Problem details
Report each line of the data that has "pastel" somewhere in it.

[Saved data entries]
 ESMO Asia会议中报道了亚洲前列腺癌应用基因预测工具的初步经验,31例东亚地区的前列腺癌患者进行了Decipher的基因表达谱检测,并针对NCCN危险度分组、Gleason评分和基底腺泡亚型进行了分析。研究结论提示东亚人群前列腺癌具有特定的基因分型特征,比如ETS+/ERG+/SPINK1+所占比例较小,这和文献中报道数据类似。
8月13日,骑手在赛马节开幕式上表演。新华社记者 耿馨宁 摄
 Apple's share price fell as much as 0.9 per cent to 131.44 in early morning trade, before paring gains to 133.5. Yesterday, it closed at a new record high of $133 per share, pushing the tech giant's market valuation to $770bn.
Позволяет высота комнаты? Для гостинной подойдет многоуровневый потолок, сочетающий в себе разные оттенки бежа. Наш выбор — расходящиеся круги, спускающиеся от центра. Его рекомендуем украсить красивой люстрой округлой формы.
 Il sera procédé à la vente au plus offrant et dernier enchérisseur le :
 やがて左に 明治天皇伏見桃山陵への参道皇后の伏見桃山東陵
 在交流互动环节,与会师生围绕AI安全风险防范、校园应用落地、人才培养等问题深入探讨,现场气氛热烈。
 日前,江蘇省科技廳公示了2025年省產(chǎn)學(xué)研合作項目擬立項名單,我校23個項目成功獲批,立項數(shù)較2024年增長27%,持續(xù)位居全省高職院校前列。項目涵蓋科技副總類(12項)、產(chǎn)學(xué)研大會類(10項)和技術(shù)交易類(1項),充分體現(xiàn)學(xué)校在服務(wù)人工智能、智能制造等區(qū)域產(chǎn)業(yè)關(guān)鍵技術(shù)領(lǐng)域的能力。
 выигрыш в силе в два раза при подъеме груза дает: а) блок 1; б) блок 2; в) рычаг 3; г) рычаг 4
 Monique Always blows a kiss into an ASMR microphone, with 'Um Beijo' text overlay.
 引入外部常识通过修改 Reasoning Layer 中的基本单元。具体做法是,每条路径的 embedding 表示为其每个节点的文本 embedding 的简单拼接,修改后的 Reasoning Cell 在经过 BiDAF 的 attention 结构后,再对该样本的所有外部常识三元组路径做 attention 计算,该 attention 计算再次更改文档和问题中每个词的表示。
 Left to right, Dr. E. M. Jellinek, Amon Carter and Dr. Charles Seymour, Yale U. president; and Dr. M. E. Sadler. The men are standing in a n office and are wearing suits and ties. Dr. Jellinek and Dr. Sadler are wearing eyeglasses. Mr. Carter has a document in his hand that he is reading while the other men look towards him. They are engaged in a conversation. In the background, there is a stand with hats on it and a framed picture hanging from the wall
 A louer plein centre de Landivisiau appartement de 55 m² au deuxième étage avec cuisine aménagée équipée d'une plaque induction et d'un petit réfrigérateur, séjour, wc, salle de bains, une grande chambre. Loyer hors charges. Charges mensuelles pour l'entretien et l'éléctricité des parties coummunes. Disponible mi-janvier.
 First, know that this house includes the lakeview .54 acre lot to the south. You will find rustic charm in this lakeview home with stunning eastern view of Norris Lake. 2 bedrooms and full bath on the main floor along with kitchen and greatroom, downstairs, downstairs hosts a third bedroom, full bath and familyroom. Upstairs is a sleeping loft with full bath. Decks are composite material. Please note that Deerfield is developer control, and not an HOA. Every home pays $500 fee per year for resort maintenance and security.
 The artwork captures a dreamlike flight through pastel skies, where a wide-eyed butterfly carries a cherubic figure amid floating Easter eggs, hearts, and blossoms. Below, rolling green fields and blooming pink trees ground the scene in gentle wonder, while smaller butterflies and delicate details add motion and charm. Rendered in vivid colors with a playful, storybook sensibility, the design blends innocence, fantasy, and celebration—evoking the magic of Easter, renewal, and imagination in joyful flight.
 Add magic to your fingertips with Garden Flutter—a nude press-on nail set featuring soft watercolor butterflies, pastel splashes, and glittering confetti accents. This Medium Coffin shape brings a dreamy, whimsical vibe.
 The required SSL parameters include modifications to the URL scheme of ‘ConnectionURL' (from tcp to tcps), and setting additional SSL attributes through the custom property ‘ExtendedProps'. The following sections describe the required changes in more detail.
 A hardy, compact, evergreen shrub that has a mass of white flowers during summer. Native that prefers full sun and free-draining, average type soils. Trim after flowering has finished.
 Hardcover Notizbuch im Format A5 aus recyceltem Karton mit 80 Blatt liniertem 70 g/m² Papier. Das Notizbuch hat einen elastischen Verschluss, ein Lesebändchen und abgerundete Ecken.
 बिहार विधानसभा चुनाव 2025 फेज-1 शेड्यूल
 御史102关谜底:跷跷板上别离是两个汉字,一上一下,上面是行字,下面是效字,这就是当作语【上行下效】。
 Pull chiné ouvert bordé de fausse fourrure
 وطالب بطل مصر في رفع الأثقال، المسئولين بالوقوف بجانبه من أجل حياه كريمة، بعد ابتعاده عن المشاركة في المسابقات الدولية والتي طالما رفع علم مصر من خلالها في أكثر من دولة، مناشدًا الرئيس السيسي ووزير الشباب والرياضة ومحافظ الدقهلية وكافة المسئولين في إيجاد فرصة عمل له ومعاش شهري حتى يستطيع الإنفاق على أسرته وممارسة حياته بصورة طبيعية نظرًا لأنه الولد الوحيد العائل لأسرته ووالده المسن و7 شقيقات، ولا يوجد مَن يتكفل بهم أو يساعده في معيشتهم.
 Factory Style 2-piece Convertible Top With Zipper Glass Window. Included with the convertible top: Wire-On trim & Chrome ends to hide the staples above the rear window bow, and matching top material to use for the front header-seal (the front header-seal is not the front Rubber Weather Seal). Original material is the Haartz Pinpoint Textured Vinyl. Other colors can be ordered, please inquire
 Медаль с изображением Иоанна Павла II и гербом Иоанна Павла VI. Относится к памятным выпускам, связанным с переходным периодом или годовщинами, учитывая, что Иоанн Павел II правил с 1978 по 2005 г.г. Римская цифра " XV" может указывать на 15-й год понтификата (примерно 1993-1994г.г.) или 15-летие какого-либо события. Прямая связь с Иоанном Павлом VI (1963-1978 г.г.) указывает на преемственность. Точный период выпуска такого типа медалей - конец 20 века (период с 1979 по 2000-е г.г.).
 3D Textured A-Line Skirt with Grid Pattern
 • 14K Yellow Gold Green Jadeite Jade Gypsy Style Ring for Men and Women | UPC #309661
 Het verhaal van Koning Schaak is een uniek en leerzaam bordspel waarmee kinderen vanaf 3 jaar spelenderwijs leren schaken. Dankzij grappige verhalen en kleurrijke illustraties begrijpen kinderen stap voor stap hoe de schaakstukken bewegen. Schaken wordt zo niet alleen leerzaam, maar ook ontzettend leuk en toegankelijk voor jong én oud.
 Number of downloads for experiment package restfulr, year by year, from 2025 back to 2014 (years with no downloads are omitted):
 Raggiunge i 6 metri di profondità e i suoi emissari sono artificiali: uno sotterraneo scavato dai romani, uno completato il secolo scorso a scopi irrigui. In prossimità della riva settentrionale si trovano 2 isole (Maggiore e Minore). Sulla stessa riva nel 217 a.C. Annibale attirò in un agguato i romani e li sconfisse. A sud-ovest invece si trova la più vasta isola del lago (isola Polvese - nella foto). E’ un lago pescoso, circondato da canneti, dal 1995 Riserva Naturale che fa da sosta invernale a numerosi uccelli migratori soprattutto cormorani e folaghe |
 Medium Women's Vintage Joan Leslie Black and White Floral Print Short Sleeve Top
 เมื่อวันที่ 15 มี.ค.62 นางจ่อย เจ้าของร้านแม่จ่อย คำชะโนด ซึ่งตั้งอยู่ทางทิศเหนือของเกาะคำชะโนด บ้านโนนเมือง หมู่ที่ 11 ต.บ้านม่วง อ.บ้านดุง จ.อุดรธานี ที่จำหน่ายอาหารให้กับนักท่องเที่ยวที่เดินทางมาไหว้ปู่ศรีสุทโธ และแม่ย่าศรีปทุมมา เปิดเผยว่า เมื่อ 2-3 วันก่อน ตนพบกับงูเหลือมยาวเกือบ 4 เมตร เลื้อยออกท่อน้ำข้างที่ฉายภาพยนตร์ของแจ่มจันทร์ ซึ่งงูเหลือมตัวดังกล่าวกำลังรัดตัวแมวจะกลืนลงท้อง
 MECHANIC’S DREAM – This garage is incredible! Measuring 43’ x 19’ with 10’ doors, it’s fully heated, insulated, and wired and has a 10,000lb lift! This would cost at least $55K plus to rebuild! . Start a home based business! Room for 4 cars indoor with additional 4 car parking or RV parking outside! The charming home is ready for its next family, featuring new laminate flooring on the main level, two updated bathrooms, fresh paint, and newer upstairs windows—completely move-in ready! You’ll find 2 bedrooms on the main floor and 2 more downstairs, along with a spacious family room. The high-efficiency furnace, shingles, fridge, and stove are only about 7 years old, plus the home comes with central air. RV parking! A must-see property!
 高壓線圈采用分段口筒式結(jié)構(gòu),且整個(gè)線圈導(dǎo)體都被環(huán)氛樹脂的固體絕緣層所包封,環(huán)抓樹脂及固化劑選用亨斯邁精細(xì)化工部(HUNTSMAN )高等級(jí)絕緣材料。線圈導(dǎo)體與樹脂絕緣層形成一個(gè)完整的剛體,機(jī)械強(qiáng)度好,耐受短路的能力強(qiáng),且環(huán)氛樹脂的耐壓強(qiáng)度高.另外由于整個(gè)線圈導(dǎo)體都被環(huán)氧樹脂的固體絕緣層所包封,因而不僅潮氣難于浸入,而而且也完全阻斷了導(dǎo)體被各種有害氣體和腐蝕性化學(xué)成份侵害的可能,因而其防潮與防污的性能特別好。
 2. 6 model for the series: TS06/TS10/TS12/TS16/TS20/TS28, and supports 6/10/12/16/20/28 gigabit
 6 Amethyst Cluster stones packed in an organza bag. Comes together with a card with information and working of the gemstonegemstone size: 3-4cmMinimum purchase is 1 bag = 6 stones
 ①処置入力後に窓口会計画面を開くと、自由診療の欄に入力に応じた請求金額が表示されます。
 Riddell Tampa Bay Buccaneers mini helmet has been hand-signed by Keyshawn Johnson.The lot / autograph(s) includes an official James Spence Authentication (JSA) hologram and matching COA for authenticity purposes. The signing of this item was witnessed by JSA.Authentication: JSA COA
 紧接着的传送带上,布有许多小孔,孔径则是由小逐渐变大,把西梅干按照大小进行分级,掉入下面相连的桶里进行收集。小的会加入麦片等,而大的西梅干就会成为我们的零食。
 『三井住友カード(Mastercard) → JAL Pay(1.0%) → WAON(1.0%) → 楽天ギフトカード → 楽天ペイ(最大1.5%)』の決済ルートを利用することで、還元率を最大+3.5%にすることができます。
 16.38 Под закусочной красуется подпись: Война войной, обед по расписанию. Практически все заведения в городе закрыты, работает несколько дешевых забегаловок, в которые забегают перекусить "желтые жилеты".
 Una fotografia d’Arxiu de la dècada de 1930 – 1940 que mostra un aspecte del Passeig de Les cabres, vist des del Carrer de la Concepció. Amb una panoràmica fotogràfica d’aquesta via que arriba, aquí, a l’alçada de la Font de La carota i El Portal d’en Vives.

Task answer
 The artwork captures a dreamlike flight through pastel skies, where a wide-eyed butterfly carries a cherubic figure amid floating Easter eggs, hearts, and blossoms. Below, rolling green fields and blooming pink trees ground the scene in gentle wonder, while smaller butterflies and delicate details add motion and charm. Rendered in vivid colors with a playful, storybook sensibility, the design blends innocence, fantasy, and celebration—evoking the magic of Easter, renewal, and imagination in joyful flight.
 Add magic to your fingertips with Garden Flutter—a nude press-on nail set featuring soft watercolor butterflies, pastel splashes, and glittering confetti accents. This Medium Coffin shape brings a dreamy, whimsical vibe.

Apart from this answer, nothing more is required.